After few minutes chatting with her we discover this young woman want to lose some weight but the problem is she doesn’t exercise, eats only 2 big meals a day, and uses fat burners to lose weight. I don’t understand why she can’t lose any weight… (I’m just kidding!!)
That’s the problem. Some people use supplements but don’t exercise, and their nutrition isn’t right. They rely on supplements to get results. Supplements are here to give you some help. I don’t know anyone who has a great physique but doesn’t do any exercises and just takes supplements. It’s a package deal. Exercise, nutrition and supplements will give you some good results. You need all of them.
"When I am asked what I think about fat burners my first
response immediately is that without the proper diet and
training program there is no pill that will give you the
results that you are looking for. If fat loss is your goal
you need to create a nutritional program that will feed
your muscle tissue while starving the fat. The way to do
this is the following:
• Eat a slightly caloric deficient diet (a diet where you
ingest less calories than what you burn on a given day).

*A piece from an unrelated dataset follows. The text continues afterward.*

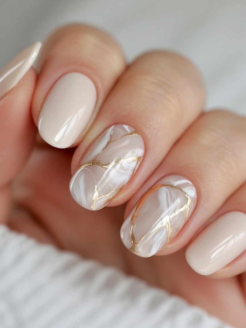Reminding of swirling cream in coffee, or quartz veins in rock, the marbled nail art is gracefully elegant. The exquisite gold veining combined with the different shapes of the nails makes each of them look a work of art- earthy and elegant, modern and timeless.

Take your approximate lean body mass and multiply it by
12 to get a good calorie base.
• Eat frequently: Your diet should consist of multiple
small meals a day (5-6) consisting of complex
carbohydrates, lean proteins and some essential fats. A
ratio of 40% carbs, 40% proteins and 20% fats will yield
• Focus on weight training: Your workout program should
focus on weight training as this activity will build more
muscle which not only serves to give you a pleasing shape
but also increases your metabolism permanently, thus
making it easier to lose fat. Four to five sessions a week
of 45 minutes will suffice for most people. "
Bottom line Bootcampers...Nothing can replace...The right training program and supportive eating.